Klebsiella Needs Carbs to Produce Hydrogen

K. pneumoniae has been associated with Crohn’s Disease and Ankylosing Spondylitis. It grows in gut biofilms and produces pullulanase, an enzyme that can utilize the branched glucosides left over from the action of amylase on plant starch. So K.p. has an untapped food source and it needs lots of ATP to produce hydrogen gas. The nitrogenase needed for nitrogen fixation and hydrogen production is very sensitive to oxygen, so this means that K.p. needs a partially anaerobic environment and must get its energy from fermentation. Fermentation yields much less ATP than respiration using oxygen, which means that K.p. can only produce hydrogen with lots of glucose from starch.

Low Carb Diet Cures Crohn’s Disease

It turns out that the antigen causing Crohn’s disease is the pullulanse (with collagen mimetics.) As you should expect, it has a basic triplet. Eating a low carb diet reduces the flareups of Crohn’s disease, presumably by starving out the K.p.. It is interesting that nitrogenase is the antigen involved in Ankylosing Spondylitis.

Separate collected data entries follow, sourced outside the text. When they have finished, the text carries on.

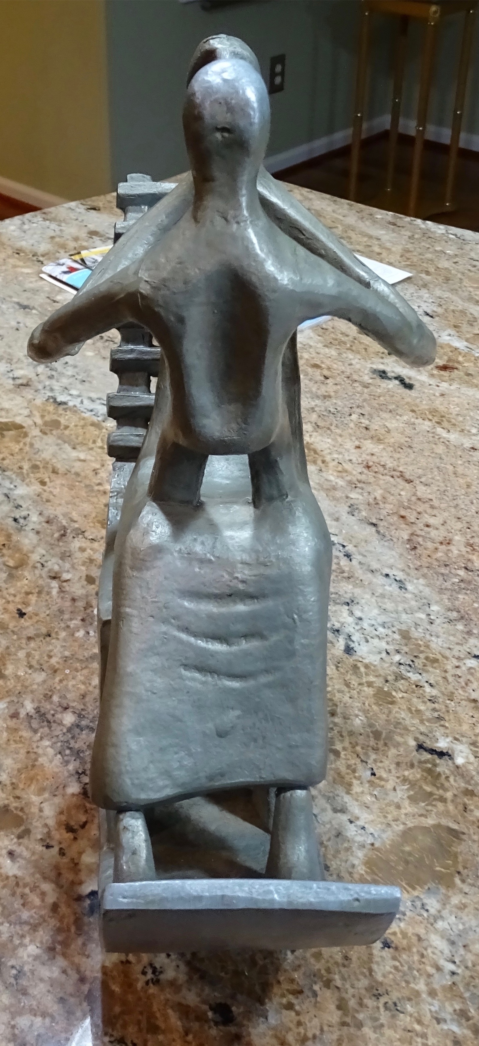 Shown is a sculpture made out of some type of heavy grey metal.  It is a sculpture of a woman rocking a young child.  It is 12 lbs 9.6oz, 15" long, 13" tall.
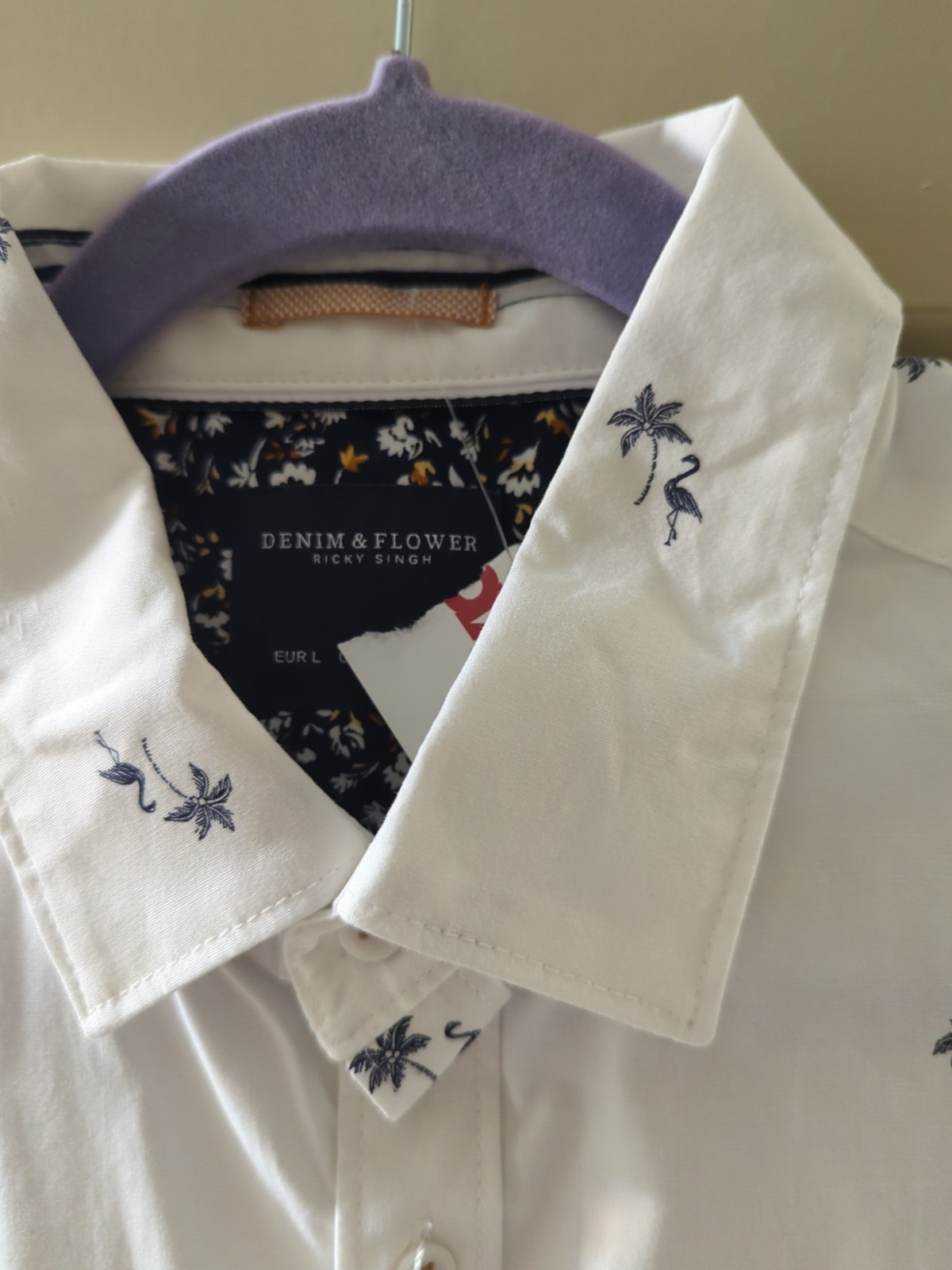 NWT Denim Flower Ricky Singh Men Short Sleeve Shirt L White Print
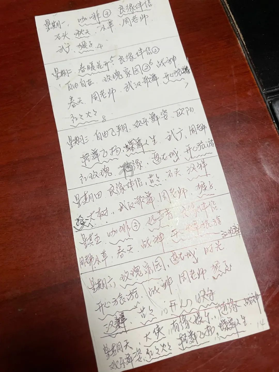 ●四姐手写的舞厅一周安排。魏晓涵 摄你要武装自己
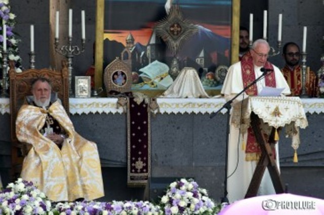 Ներկայացնում ենք Հռոմի պապի մասնակցությամբ Սուրբ պատարագի Սրբազան Քահանայապետ Ֆրանցիսկոսի Պապի խոսքը Մայր Աթոռ Սուրբ Էջմիածնում.«Ձերդ Սրբություն, հույժ սիրելի եպիսկոպոսներ, սիրելի եղբայրներ և քույրեր, այս հույժ ցանկալի և ինձ համար արդեն անմոռանալի այցի գագաթնակետին, ուզում եմ Տիրոջն ուղղել իմ շնորհակալությունը՝ այն միացնելով այս սեղանից բարձրացած փառաբանական և գոհաբանական մեծ աղոթքին:
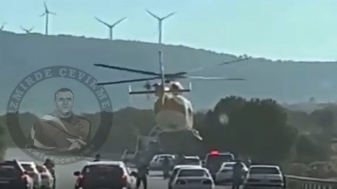 Çeşme Otoyolu'nun ortasına helikopter indi. Yol kenarındaki çakarlı araçtan inen 2 kişinin helikoptere bindiği görüldü. Helikopterin kime ait olduğu ve binenlerin kim olduğu ise bilinmiyor.
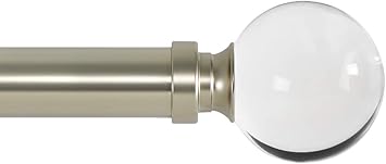 Ivilon Drapery Treatment Window Curtain Rod - Acrylic Ball 1 inch Pole. 120 to 240 Inch. Satin Nickel
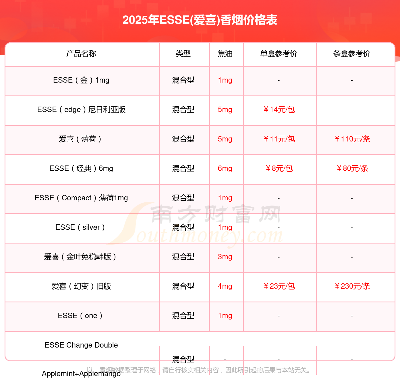 ESSE愛(ài)喜是韓國(guó)煙草公司旗下的品牌之一,目前中國(guó)大陸市場(chǎng)主要規(guī)格有ESSE薄荷(綠愛(ài)喜)、ESSE經(jīng)典(紅愛(ài)喜)、Esse特醇(藍(lán)愛(ài)喜)、Esse銀松(黑愛(ài)喜)等,是低刺激柔和的香煙。
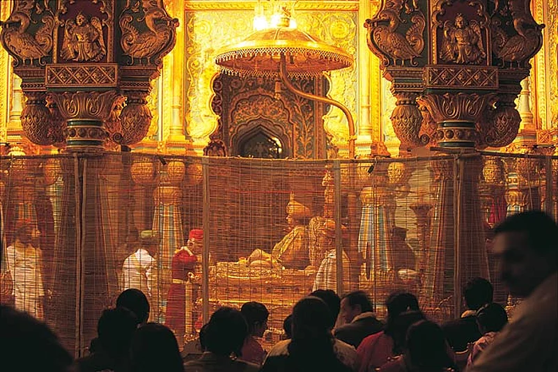 There is a moment worth witnessing every evening, when the sun sets and all 96,200 palace lights come on at once, greeted by a spontaneous gasp of awe from the assembled crowd. Even I was impressed, although I had thought myself immune to such standard-issue tourist postcard images. Less impressive was what followed&mdasha two-hour wait for a bharatanatyam performance to begin, while politicians and bureaucrats took turns making longwinded speeches extolling the virtues of Mysore.
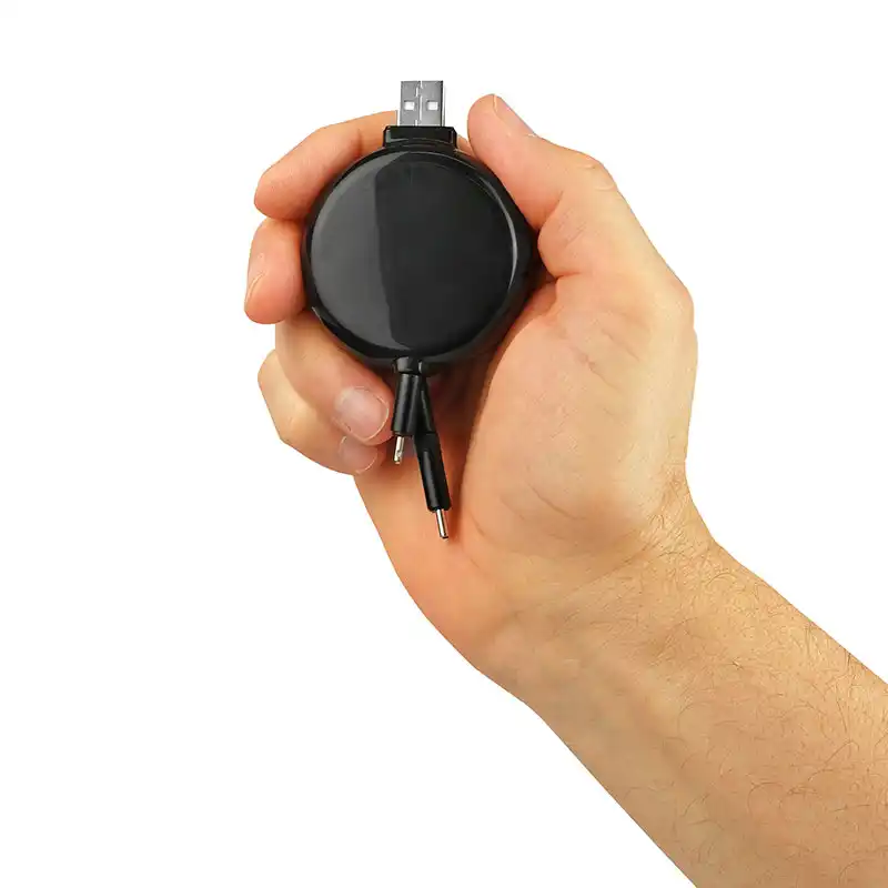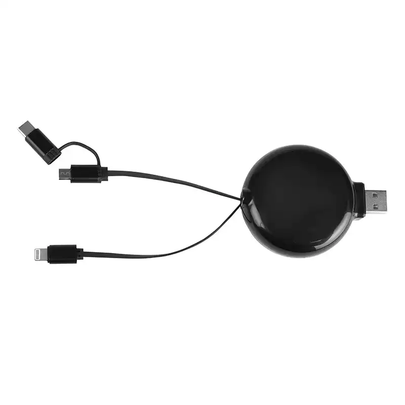 Uma solução 3 em 1 versátil com conectores Lightning, Micro-USB e USB-C integrados em um único carretel retrátil para máxima compatibilidade.

Biofilms Promote Transformation and Antibiotic Resistance

Just as a footnote to the benefit of K.p. as a citizen of a biofilm community, H.p. should also live in those biofilms, since that is the source of the hydrogen it uses. Biofilms also stimulate the exchange of DNA, because the quorum sensing chemical signals trigger the release of DNA. The DNA is a component in the matrix that binds bacteria in the biofilm and can work in conjunction with bacterial acidic polysaccharides and host heparan sulfate. These acidic polymers tend to bind the basic antimicrobial peptides, e.g. defensins and cathecidins produced as a major non-adaptive defense against bacteria. Thus, the release of DNA triggered by quorum sensing, builds matrix, facilitates DNA transformation that is the foundation for the spread of antibiotic resistance in gut biofilms and provides resistance against antimicrobial peptides.